Olenicoff claimed that he had obtained Human Natures: Many Faces, along with two other works, from a Chinese craftsman at the 2008 Olympic Games in Beijing, but refused to identify the source or craftsman.

Forged works of art are far from uncommon. This year alone there have been movies and large-scale exhibitions dedicated to these copycats and their creators.

Art and Craft, which premiered at the Tribeca Film Fest, focuses on the life of master forger Robert Landis, a 59-year-old man who—for the past three decades—has been donating forged works of art to prestigious museums across the country. His works—along with accompanying papers—were so perfectly crafted that no one, not even in-house experts, questioned a thing.

In 2011, institutions finally caught on when the same works began to appear in different museums. Soon the FBI Art Crime Team was called in, but nothing could be done. After all, Landis wasn’t turning a profit. “It wasn’t like Landis went in and [demanded money],” Robert Wittman, founder of the FBI Art Crime Team, explained in the film. “That would be fraud. The fact is that he gave it to the museum for free. It’s up to the museum to determine what they think of it.”

For Olenicoff, the replicas seem to be his way around a California mandate requiring that all real estate developers allocate a specified percentage of money to public art on their properties. And Wakefield wasn’t the first to fall victim to his scheme.

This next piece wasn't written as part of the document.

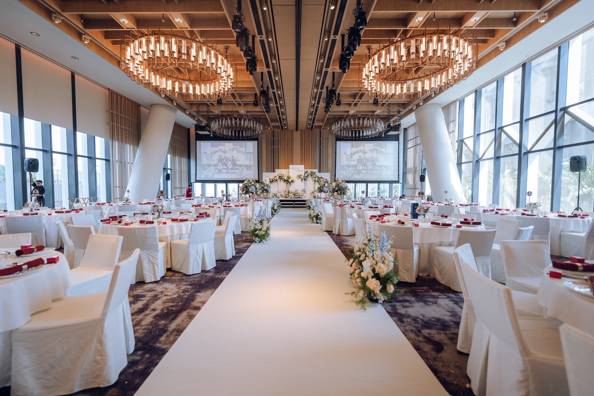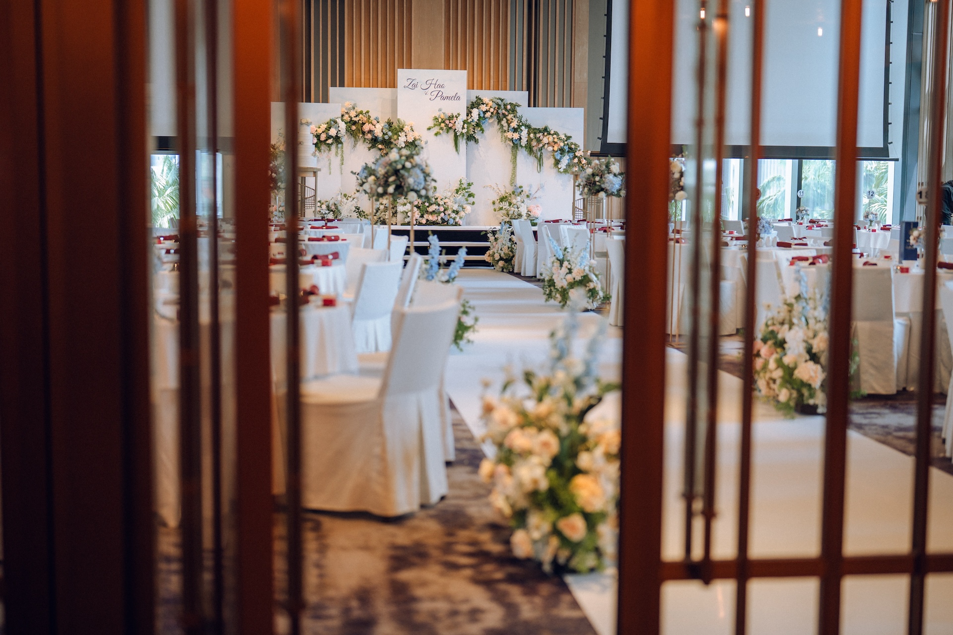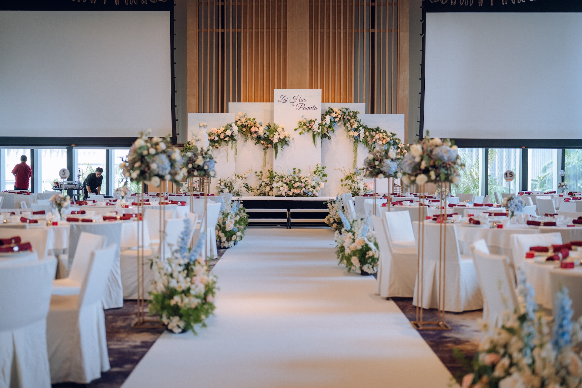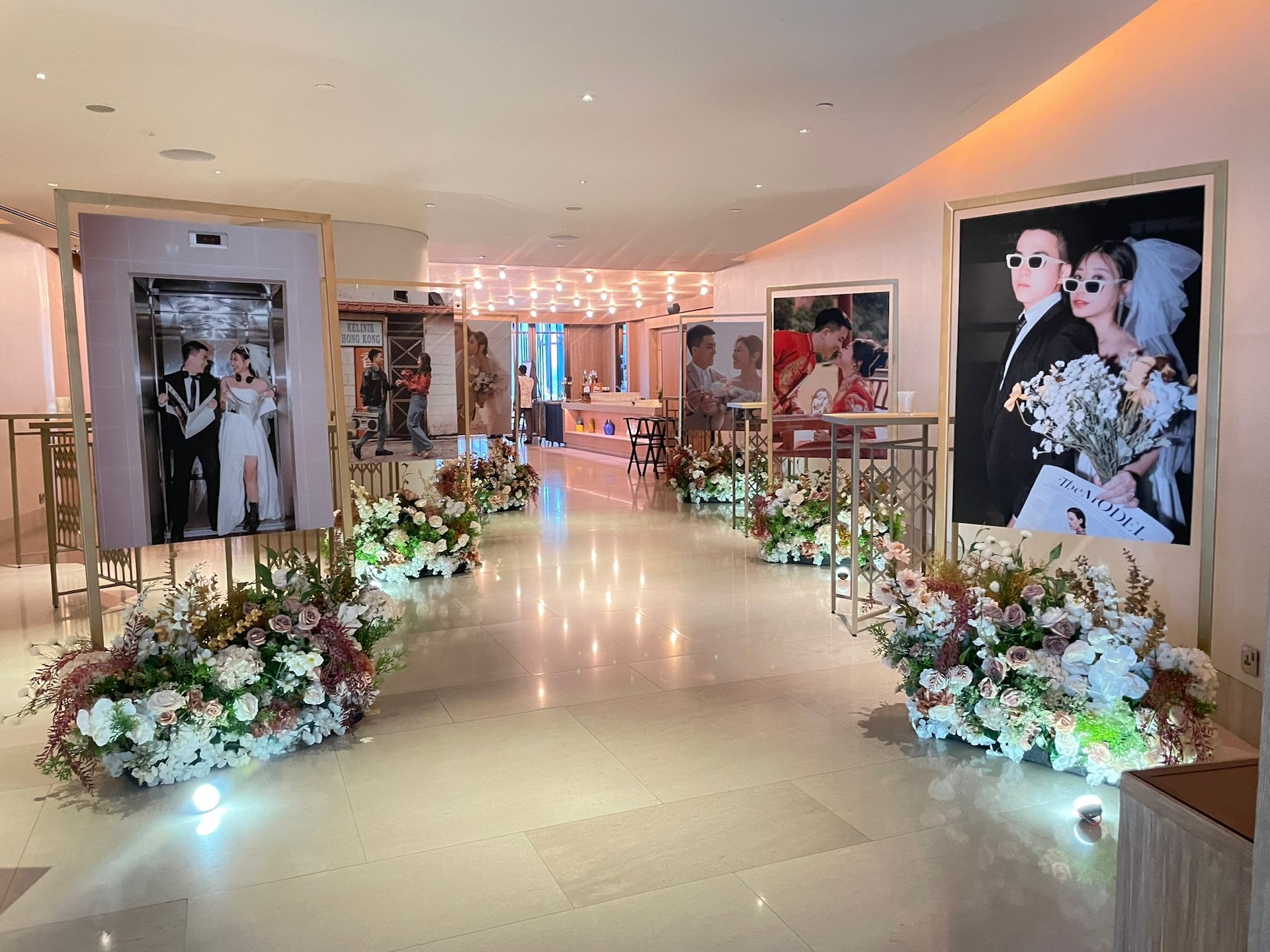 In Ms Mary Golez’s TikTok video, a red carpet along with an art deco backdrop can be seen, allowing for guests to pose for photos at the entrance. Guests then walk down a colourful floral-lined aisle to enter the venue.

“If $52 million in back taxes and two years probation wasn’t enough to keep him honest, we’re not sure this will either.”

Sculptor John Raimondi filed a separate federal complaint for a very similar situation. According to the artist, Olenicoff reached out to him in 2001 seeking to purchase custom-made versions of his large-scale limited edition works, Dian (1987) andCeres (1994) for various Olen properties. The abstract sculptures made from reflective materials organically spawn from the ground at various places flowing to a sharp point ten to twenty feet in the air.

Raimondi and Olenicoff met twice to discuss their plans. Olenicoff was looking to spend $100,000 to $250,000 per the city ordinance requirements. At their second meeting, Raimondi provided detailed photos and drawings, along with pricing, but never heard back from the developer.

“Beginning approximately ten days after the second meeting,” Raimondi’s complaint stated. “Olenicoff refused to speak with Raimondi. Defendants instead had an assistant relay to Raimondi that Olenicoff had a change of heart about the sculptures. Instead of purchasing the sculptures from Raimondi, defendants, at their direction, had multiple unauthorized and infringing copies of the sculptures manufactured in China.”

If Olenicoff’s second trial—starting June 24—is anything like the first, the ruling could likely swing in Raimondi’s favor, given the similar narrative of his complaint. And the payout could be well more than the original $100,000 to $250,000 price tag for Olenicoff. Maybe next time he won’t take the DIY approach and instead will give a miniscule percentage of his net worth to the hard working, creative minds that deserve proper credit and compensation. Then again, this is a guy who—in 2007—pleaded guilty to stashing large sums of money in off shore bank accounts to avoid taxes. If $52 million in back taxes and two years probation wasn’t enough to keep him honest, we’re not sure this will either.